Grand Kartalkaya otelinde zaten ateş çemberi sayılabilecek dev yapı bloğu çatısının odaların büyük bir bölümünü kanatları altına alması, üstüne restoranın da bu kütlenin orta kısmına yerleştirilmesi bu ateş çemberinin tamamlanmasına yol açmıştır ne yazık ki. Mutfakların yangınlar için potansiyel bir tehlike oluşturabileceği bilinmektedir. Çatıdaki yanıcı maddelere de sıçrayan yangın bu şekilde ivme kazanmıştır.
Ülkemizde benzer bir soruna farklı bir örnek, Kapadokya Peribacası çevresinde maalesef dev yapılara izin verilmesidir. Oysa yaklaşık 10 yıl öncesinde kadar, 2863 no’lu Kanun’da Peribacaları ve çevresinin Kapadokya’da önemle korunması gerektiği vurgulanmış, Peribacaları ve çevresinde yapılaşmalara izin verilmemişti. Maalesef bu dev inşaatların temeli açılırken oluşturulan titreşimler bile Peribacaları’nın ve kaya oyma mekânların organik kaya kabuğu ile mevcut yivlerinin hareketine geçmesine, bu güzelliklerin yok olmasına neden olmaktadır.
Milyon yıl öncesi oluşmuş, yüzyıllardır ayakta duran Peribacaları’nın, bu doğal güzelliğe son derece uyumlu geleneksel Anadolu evleri mütevazılığının ve tarihi geçmişimizin bu şekilde korunması mümkün değildir. Geçmişte, Göreme Vadisi’nde yer alan Arnavut kaldırımlı yolun tur otobüslerinin bölgeye çok sık gelmesiyle titreşmesinden dolayı oluşturduğu rezonans etkisinin bile peribacaları ve tarihi kaya yerleşimlere zarar verdiği tespitleri yapılmışken ayrıca Göreme Vadisi’nin arka sırtından daha geniş ve üstelik doğal dokusuna uymayan asfalt yola müsaade edilmiştir. Ayrıca büyük ses düzenlemelerinin oluşturduğu festivaller ve dünyaca ünlü kulüplerin partilerine de vadilerin ortasında müsaade edilmiştir. Son yıllarda “Peribacası kendiliğinden uçtu, şiddetli yağmur etkisiyle yıkıldı” haberlerinin aslında doğru olmadığı, görünmeyen hasarların oda yapılmak için açıldığı, hatta dev kesici araçların bu alanlara getirildiği yerli halk tarafından gözlemlenmektedir.

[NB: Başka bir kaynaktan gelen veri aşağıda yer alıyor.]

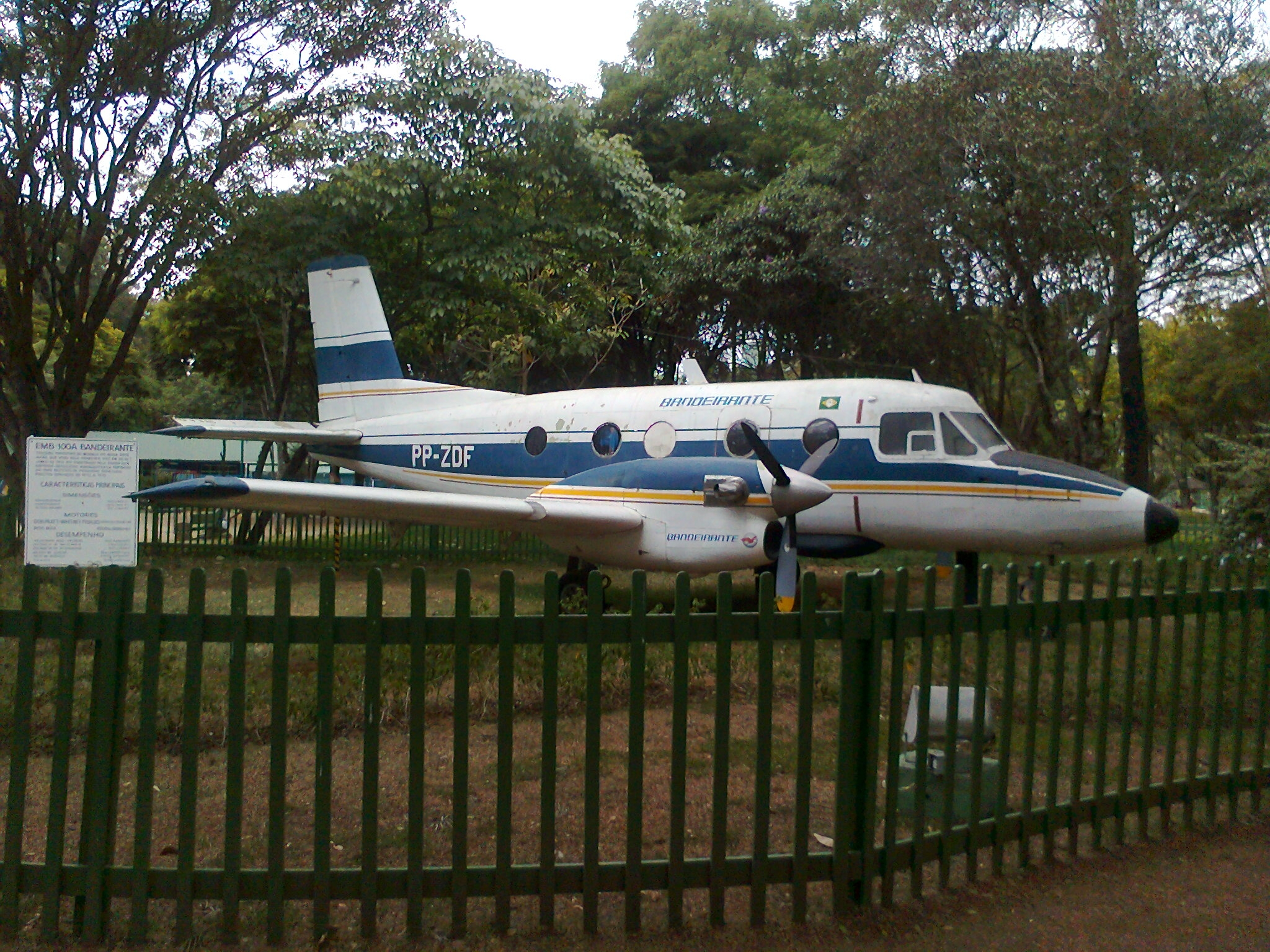 EMB-100 (YC-95) Prototype Nr.3

- Denetleme mekanizmaları adil ve doğru kurgulanmalıdır. Grand Kartalkaya Otel’i bir simge oldu. Oysa Türkiye’nin her yerinde öyle güzel değerlerimiz öyle bir kasıtla yok ediliyor ki bunun farkına varmalı ve insanlarımıza barınak amaçlı yapılan bu yapıların, yanlış bilgilerden dolayı mezara dönüşmesine izin vermemeliyiz.

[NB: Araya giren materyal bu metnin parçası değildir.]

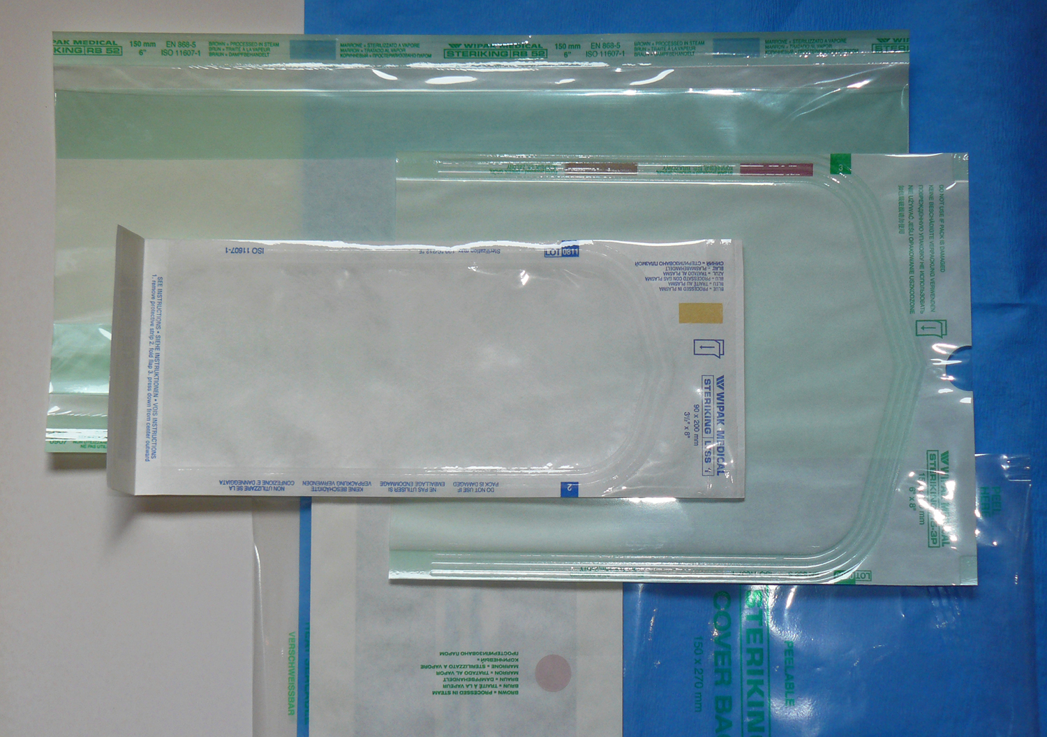 Reels, pouches for steam, gas and plasma sterilisation

Ülkemizde deprem ve selden sonra yangın gibi diğer afetlerin de düşünülerek uzman kadrolara yer verilmemesi yanında yapılan ihmaller, fiziksel ve sosyal çevre değerlerimizin hızla yitirilmesine yol açmaktadır. Bu konuda yöneticilerimizin gereğini yapacağını ümidiyle, çocuklarımıza güzel bir ülke bırakmak hepimizin arzusu olmalıdır.